[[ DATA TO EXAMINE open ]]
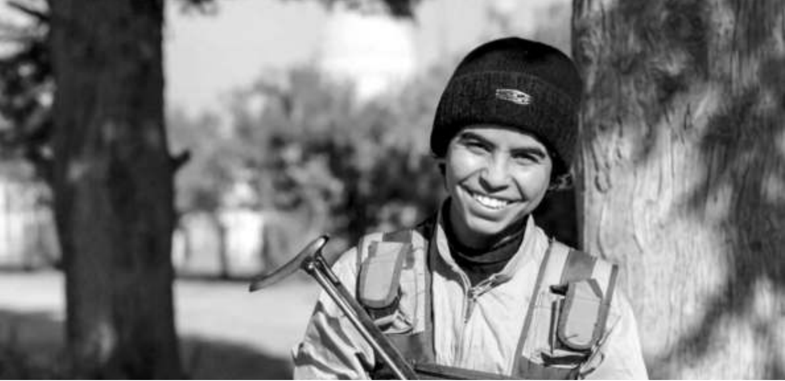
A soldier of the Khilafah who was incited to wage jihad by his mother

lim). Ibn Hajar said, “Nourishing,’ meaning: Suffice them with as much nourishment as will neither burdensomely force them into the humiliation of begging nor contain such excess as to provoke them towards luxury and towards widening the extent to which they engage themselves in the Dunya” (Fath al-Bari).
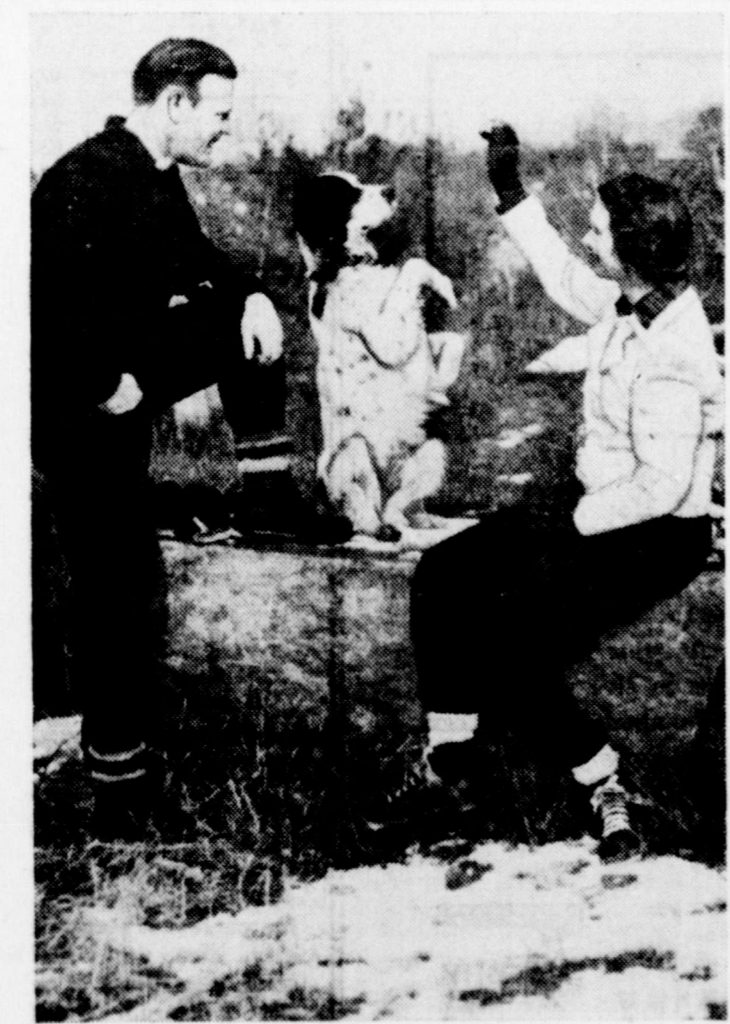
A STAR SIDESTEPS—Posing for the camera is nothing new for Red Rolfe, star New York Yankee third baseman, so he takes a back seat for the moment as his dog "Joe" goes through his paces as wife doles out a cracker.
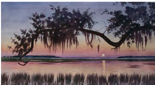
Spring Tide Sunset 24.5"x16"
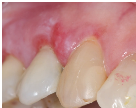
FIGURE 1: Gingival OLP: a mixed red and white lesion in the background of white striations involving the gingiva between teeth 13 and 14. No to minimal plaque is noted and the involvement of the attached gingiva distinguishes OLP from plaque-induced gingivitis.
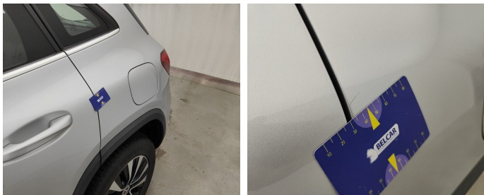
Wing Rear Left // Polish-scratch
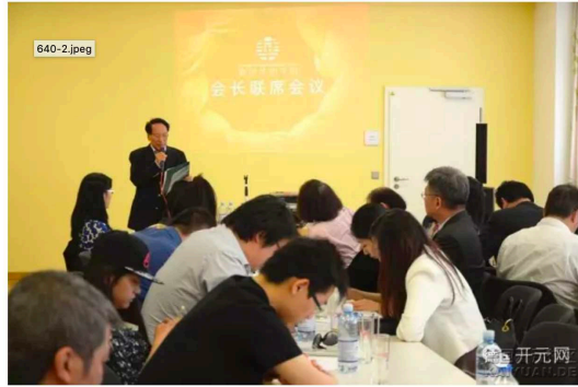
A 2015 meeting in Frankfurt discusses the establishment of “Chinese Aid Centers” in Germany. According to a 2016 report in the Chinesische Handelszeitung , the centers help China’s five regional consulates in Germany to find students who have “lost contact”, and offer translation, and legal and medical aid. 9

ciety – even many Chinese and non-Chinese members may be unaware of their exact nature or function – and likely number over a thousand, since they are present (with some variation) in every country. 8
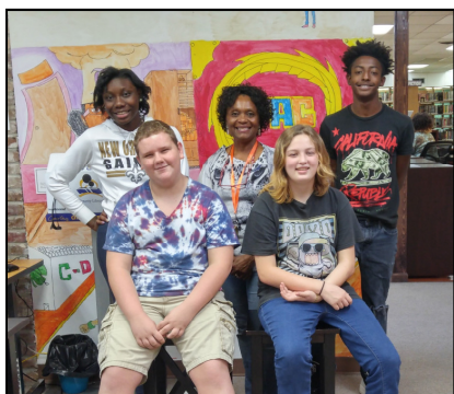
The Teen Advisory Group, better known as TAG, met for the first

meeting of the new school year on September 12th.
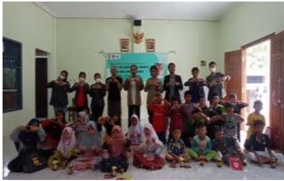
Pict 1. Learning English Program at one Islamic Boarding School, Muara Angke

Experienced a positive impact, the Chief of Sunda Kelapa Police Sector asked to continue this program but move to an orphanage in that area. This orphanage is a home for those who need it. It was built by a young entrepreneur and has received support from stakeholders and donors, can accommodate 25 to 30 orphans. Not only that, it also has schoolroom facilities that can accommodate 100 to 150 students. Apart from that, there were also lots of small support and good responses from the orphanage owners, managers, and even the children in the orphanage.
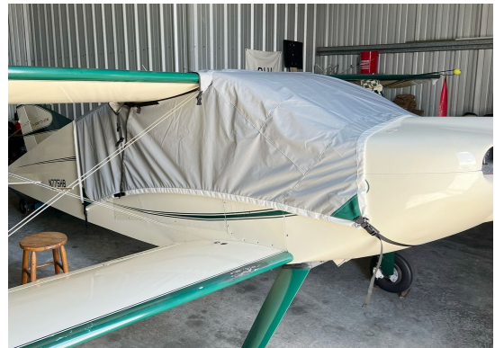
Sorrell SNS-7 Hiperbipe Over The Top Travel Canopy Cover
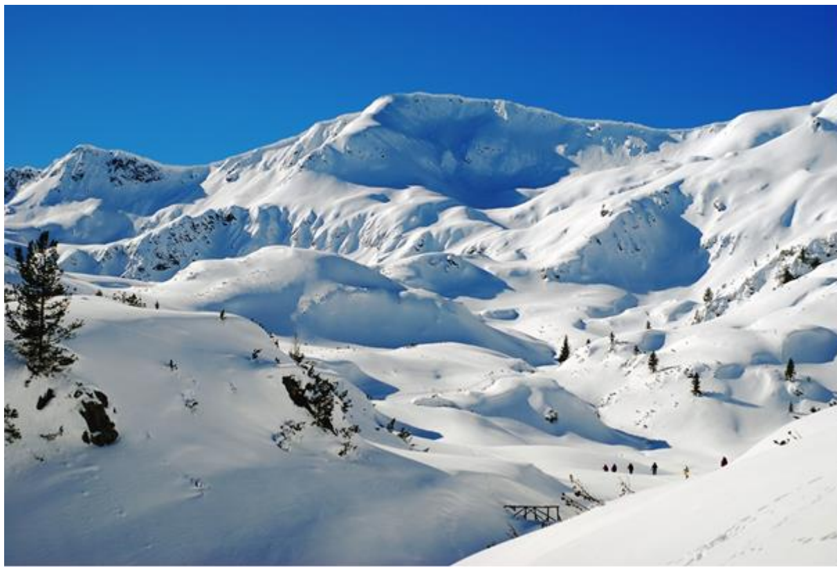
The circuit of Bunderista river above Vihren hut
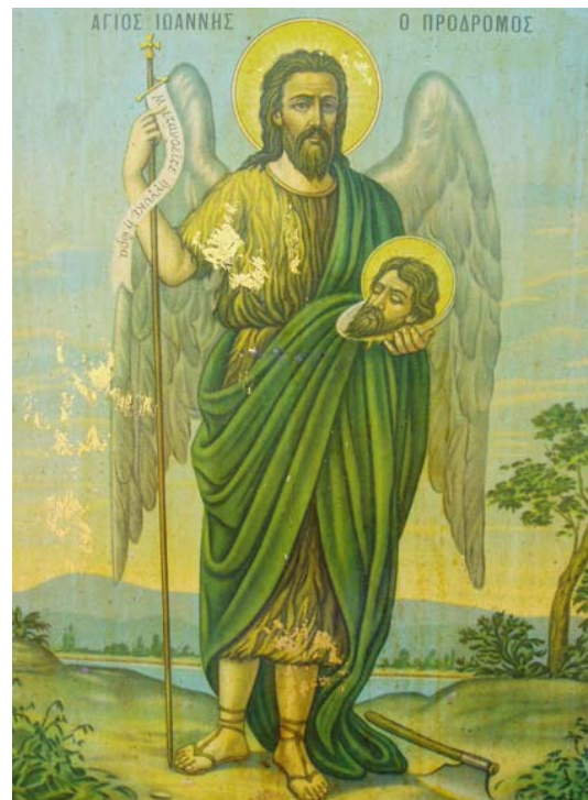
Saint John the Baptist

Let me read to you the last chapter in Malachi, which should pertain to the last chapter of the way things are operated today. That not only includes the
[[ DATA TO EXAMINE closed ]]
__INSTRUCTIONS FOR THE TASK__.
Give again only the lines starting at the one that contains "Saint John the Baptist" and running to the end of the data.

__FINISHED EXERCISE__.
Saint John the Baptist

Let me read to you the last chapter in Malachi, which should pertain to the last chapter of the way things are operated today. That not only includes the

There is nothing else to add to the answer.